While many, including myself, have focused on the odd draws, and occasional losses by the traditional powers, the real story has been the success of the South American nations, the Netherlands, Portugal and Mexico. What we are seeing is a continuation of the previous two decades when France emerged from being an also-ran to Germany, Italy and England and became a dominant nation if only for a brief period of time.

But there are nations that are looking to mimic the French success from their host year and 2006, and this year they may not need to be the host nation.

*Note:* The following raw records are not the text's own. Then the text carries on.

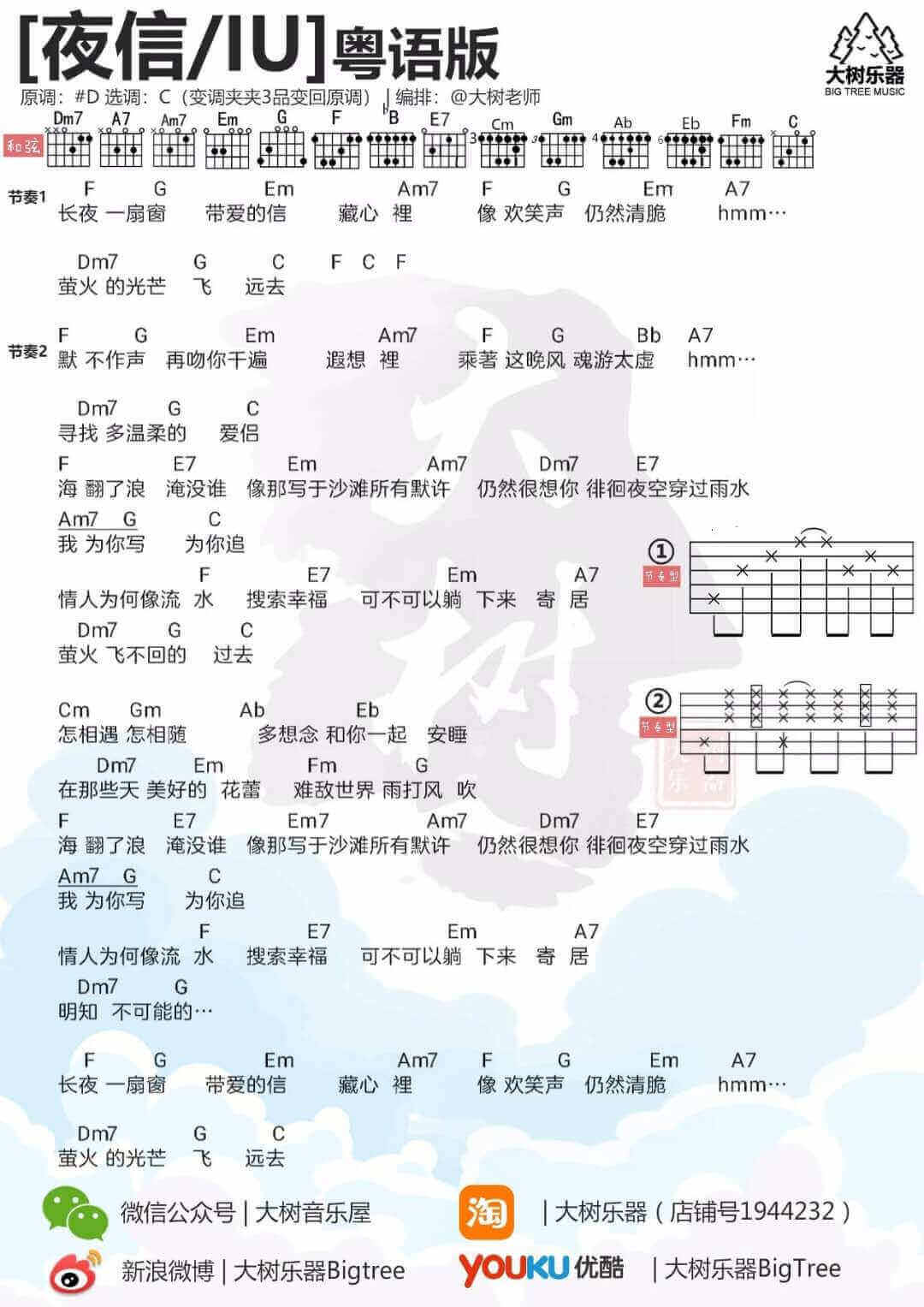 夜信吉他谱 - IU - C调吉他弹唱谱
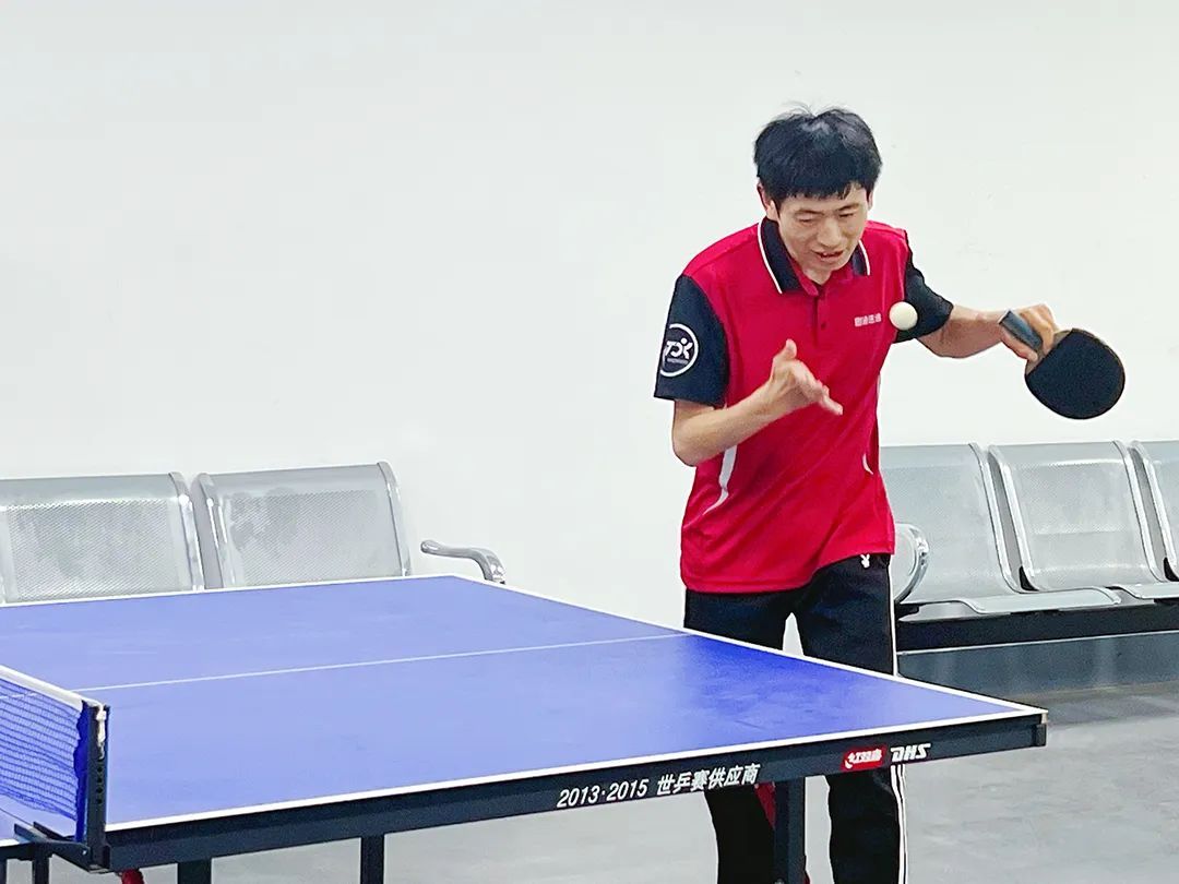 工作之余,荣富和同事通过打乒乓球强身健体。
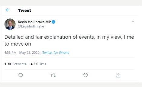 MP for Thirsk and Malton says Cumming's explanation of his rule breaking was 'fair' and urged those on Twitter to 'move on'.
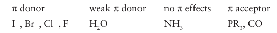 Notable examples of where the effect of bonding dominates include amines (NR3), CH3-, and H, none of which has orbitals of π symmetry of an appropriate energy and thus are neither π-donor nor π-acceptor ligands. It is important to note that the classification of a ligand as strong-field or weak-field does not give any guide as to the strength of the M—L bond.
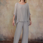 Our Martina Silk Top is an ode to grace. This stunning piece features delicate silk layers that cascade beautifully, complemented by an eye-catching asymmetrical hemline. Perfectly paired with jeans or pants, it offers a breezy, feminine look that's both effortless and elegant. For a truly brilliant head-to-toe ensemble, match it with our Madelyn Silk Pants and step into a world of timeless allure. Part of our mix-and-match Italian Silk assortment.
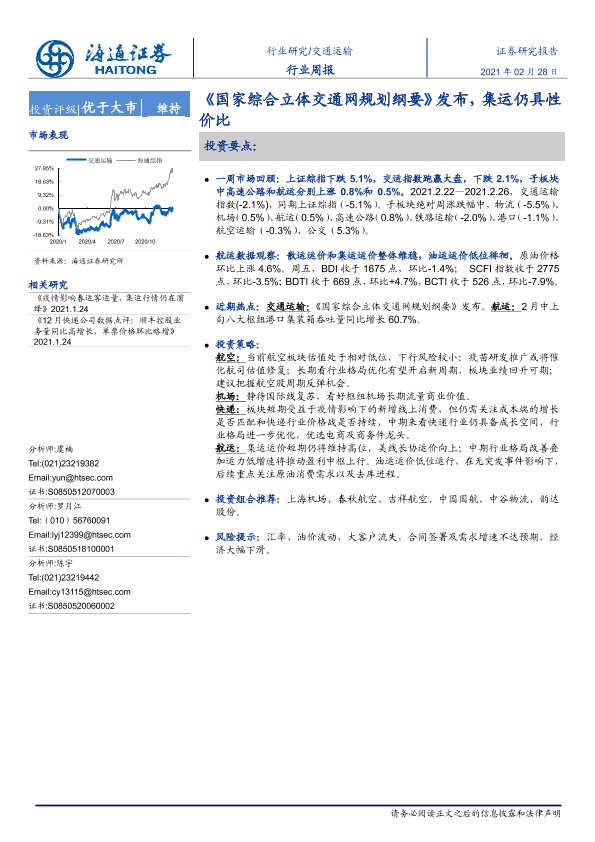 【海通证券】【20210228】交通运输行业周报:《国家综合立体交通网规划纲要》发布,集运仍具性价比-9页

If we look at the history of the Finalists we see that unlike the geo-politics of the late 20th Century the footballing world was really quadripolar - Brazil, Germany, Italy and Argentina were the powers with a few others sitting on the perphiry and flexing their muscle at times, but not often.

National team↓ Final appearances↓ Winners↓ Runners-up↓ Years won Years runners-up
 Brazil 7 5 2 1958, 1962, 1970, 1994, 2002 1950, 1998
 Germany 7 3 4 1954, 1974, 1990 1966, 1982, 1986, 2002
 Italy 6 4 2 1934, 1938, 1982, 2006 1970, 1994
 Argentina 4 2 2 1978, 1986 1930, 1990
 Czechoslovakia 2 0 2 1934, 1962
 France 2 1 1 1998 2006
 Hungary 2 0 2 1938, 1954
 Netherlands 2 0 2 1974, 1978
 Uruguay 2 2 0 1930, 1950
 England 1 1 0 1966
 Sweden 1 0 1 1958

Uraguay has its two titles. England its one. The Netherlands made the Finals twice, but didn't quite pull through. Czechoslavakia, Sweden and Hungary made some noise.

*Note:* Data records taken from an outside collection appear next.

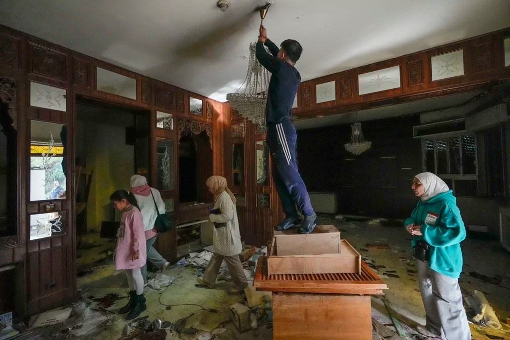 Videos captured citizens robbing the Syrian Central Bank, carrying out bags of cash. Large crowds stormed the abandoned presidential palace, smashing portraits of the Assads and looting valuables.
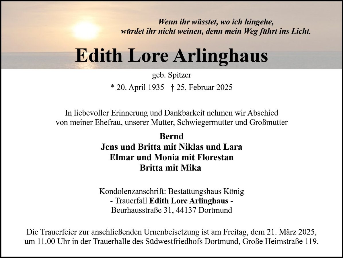 Edith Lore Arlinghaus geb. Spitzer
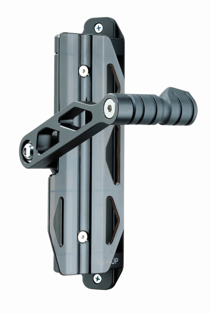 Ten elegancki uchwyt do montażu roweru na ścianie pozwala na nietuzinkowe przechowywanie jednośladu. Odchyla się w lewo lub w prawo w celu optymalizacji miejsca. Formowany gumowy pasek utrzymuje przednie koło zapobiegając jego skręcaniu. Zawiera wszystkie elementy montażowe plus formowaną wkładkę na tylne koło aby zapobiec śladom opon na ścianie. Pasuje do standardowych rowerow szosowych i MTB łącznie z rowerami 29“.
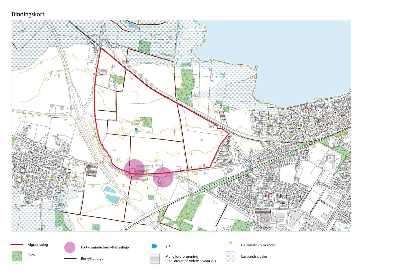 Kortet viser de forskellige bindinger og naturinteresser, som er udpeget på arealet. Det er især digerne og de grønne hegn, der præger området. Der er udpeget et enkelt §3 vådområde og to mindre områder med skovkarakter. Mod syd ved Kalundborgvej ligger to fortidsminder, som kaster en beskyttelseslinje ind på arealet. Hele arealet ligger indenfor Kystnærhedszonen.
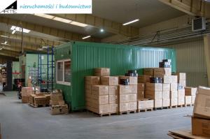 - Hala magazynowa, antresola, pomieszczenie biurowe, kuchnia, łazienki, toalety, szatnia oraz wewnętrzna kotłownia CO
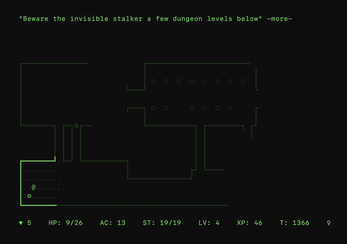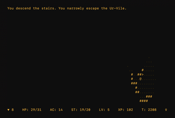 Undervault is a traditional ASCII dungeon-crawling game inspired by the original Rogue (1980).
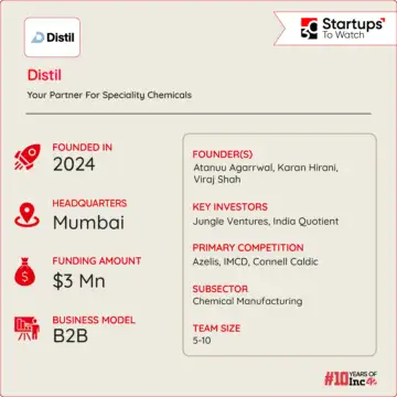 Its flagship offerings focus on consistent quality, tech-enabled purchasing convenience, on-time delivery, and strong after-sales support. Though its products are not patented, Distil operates on an inventory-based revenue model, primarily focussing on direct sales of speciality chemicals.
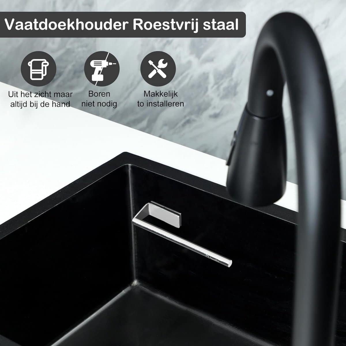 De handdoekhouder hecht stevig en maakt snel drogen mogelijk, waardoor er geen vaatdoekjes meer over de kraan in jouw nette keuken hangen.

This year though the noises are being made from new nations. The depth of playing talent is as great as ever. Coaching has become a global commodity, and national will amongst some of the rising nations is powerful enough to get their handful of stars to treat their national team as well as they treat their club teams.

Of previous non-Finalists, there are some strong performances that are showing not that the powers are weakened, but instead we are seeing in this era of globalization that the periphery has gained strength.

Mexico is listed with a 24% chance of making the semi-finals.
Paraguay at 22%.
Portugal at 35%
Chile at 20%
Spain at 23%

Previous non-winners the Netherlands are at 40%.

When Japan and South Korea hosted we saw some upstarts break through, but one was a local side. This year, unless Ghana makes a run, it won't be an African side that claims the Cup, but with each passing day it seems more likely that we are seeing nations with long histories in the game, but lacking the largest trophy, make a statement.

This is the year of the periphery. It isn't Old World v New World. It is an era where tradition, and history of success aren't enough. It is an era where tactical organization, talent and will can exert itself. France went from the periphery to power in '98. Twenty years prior to that the Netherlands made the climb without the crown. In fact these are the only two newbies since England won it all in '66.

2010 looks likely to produce a new nation to declare itself. History means nothing over these next few weeks when it will take a solid run of 6 games to find a Champion. At this point I'm willing to bet that a nation on the Periphery will be in that title game, if not the winner.